“A verdict that is not ironclad is not good enough to support the death penalty.”

UPDATE: If you are a legal professional or member of the clergy, please click here to read an important update.

Let me get this out of the way: I am opposed to the death penalty under any circumstances. I think that Adolf Eichmann should have been allowed to rot in prison. I don’t think that killing people helps society in any way, if it’s not absolutely necessary for reasons of defense, and I don’t believe that the death penalty acts as any kind of deterrent.

And yet, I do understand the impulse behind the death penalty. Some people really have done monstrous things, and I can understand the desperate feeling that such monsters produce in our hearts, the horror, the sense that monsters do not deserve to live.

But at the very least, should we not be absolutely certain that the person about to be executed is, in fact, a monster? Did, in fact, do what we’re killing that person for doing?

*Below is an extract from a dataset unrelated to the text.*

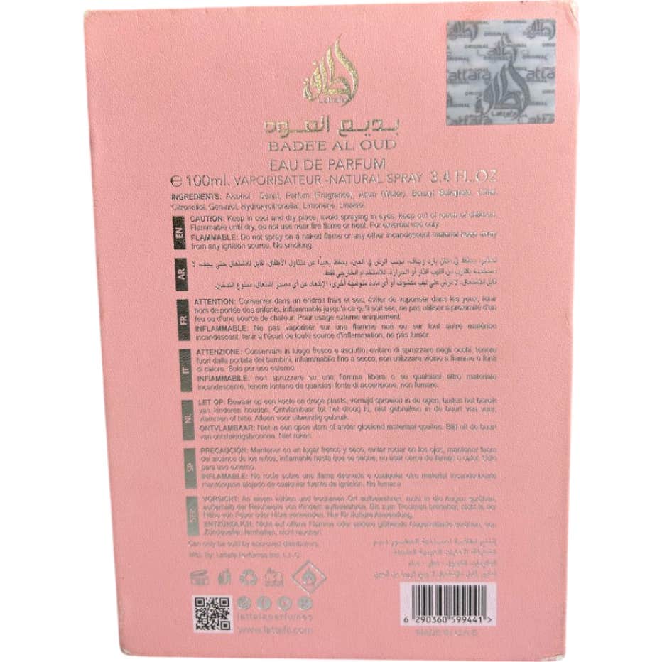 Lattafa Ladies Badee Al Oud Noble Blush 100 ml es un eau de parfum femenino de la familia olfativa floral frutal gourmand, pensado para momentos especiales. Ofrece una fragancia sofisticada y romántica, con un carácter dulce y envolvente y un toque oriental gourmand de larga duración.

Twenty years ago, Troy Davis was convicted of murdering Mark MacPhail, a police officer in Savannah, Georgia. There is no physical evidence tying Mr. Davis to Officer MacPhail’s murder, and seven of the nine non-law enforcement witnesses have recanted, saying, time and again, that they were frightened and coerced by police, and that moreover, they were terrified by the man they believe to have actually committed the crime. Mr. Davis has himself always maintained his innocence, and jurors have said, flat out: “If I knew then what I know now, Troy Davis would not be on death row.”

In spite of all of this, and much more, Mr. Davis remains on death row. He has already lived through execution dates (once coming within an hour or so of death — stop and imagine that for a minute) only to win a stay each time — but a stay of execution is procedural. Mr. Davis is still in danger of being killed for a crime that, at the very least, it is entirely possibly that he did not commit — and he will likely be given a new execution date in September.

If you have 73 seconds to spare, please watch the following video, made by my friend Jen Marlowe, who has done holy work in bringing Mr. Davis’s case to the public eye for years (if you have a bit more time, you can watch the series of four videos in which the shorter clip’s themes are fleshed out and more details provided). Please, please: Sign the Amnesty petition — Amnesty has wisely taken no stand on Mr. Davis’s guilt or innocence, maintaining only that in a case this riddled with doubt, no one should be put to death.

There is one chance remaining for Mr. Davis: The Georgia State Board of Pardons and Paroles. The Parole Board can consider information that the court system cannot, and exercise clemency. In the words of Prof. Anne Emanuel, a death penalty expert at Georgia State University:

Because I find this conviction and this sentence so troubling, what I would like to see the Parole Board do is not only exercise the power of clemency to set aside the death penalty — I think that is an absolute moral and legal necessity in this case, if for no other reason than it is so terribly unfair to the jurors themselves who allowed this death penalty to proceed when the evidence on which they relied has now been disproved and some of it withdrawn by the state itself…. A verdict that is not ironclad is not good enough to support the death penalty.

Please do these two small things — watch the following video, and click here to sign the petition — and then do one more thing: Tell someone else.

Simply put, there is nothing on earth that justifies putting Troy Davis to death. Please do what you can to save his life.

Crossposted at Angry Black Lady Chronicles.


  1. caoil

     /  August 29, 2011

    Dutifully signed, E!

  2. So I have to tell you that I signed the petition. A man’s life is at stake.

  3. taylor16

     /  August 29, 2011

    Done, Emily. I’ve read a lot about his case before and have signed earlier petitions. I have to admit, I’m worried that the state may not be willing to listen this time. It’s heartbreaking. 😦

    • Thank you! I have to say, the injustice is so blatant, so gross, so obvious to the naked eye, that something in me just can’t believe that they’ll actually kill him… I just, like, what’s next Georgia? You knock on the door of the local math teacher and kill him? What about the lady at the supermarket? Maybe her? I’m going to keep pushing this with the assumption that I’m wrong, but there is something very solid in my brain around which my thinking can’t move. It just… How could we even be at this point? How is that even possible?

    for Troy Davis

    Innocent eyes
    The clearest of skies,
    Though clouded by contempt,
    Incite us to see
    The blind tyranny
    Of terror in suspense—
    The scales of justice weighted
    By the jaded sway of lies,
    A life held in the balance
    And a cradled compromise;
    Yet hope kneels at her altar
    ‘Til the day he is set free,
    And empathetic hearts cry out,
    “I am Troy, and Troy is me!”

    Roxanne Ivey
    Poets for Positive Change

  5. Tom Glick

     /  September 10, 2011

    The greater the outcry against this state-sanctioned murder, the more likely this man will die. Liberal, thoughtful people must learn that their opponents are not rational, not humane, and not intelligent. They will execute this man and many others out of spite, out of the age-old mob love of spilling blood and violent spectacle. Pointing out errors in the judicial process will only serve to irritate death-penalty supporters. If they were capable of rational, humane thinking they would never support the death penalty in the first place, they would be with us.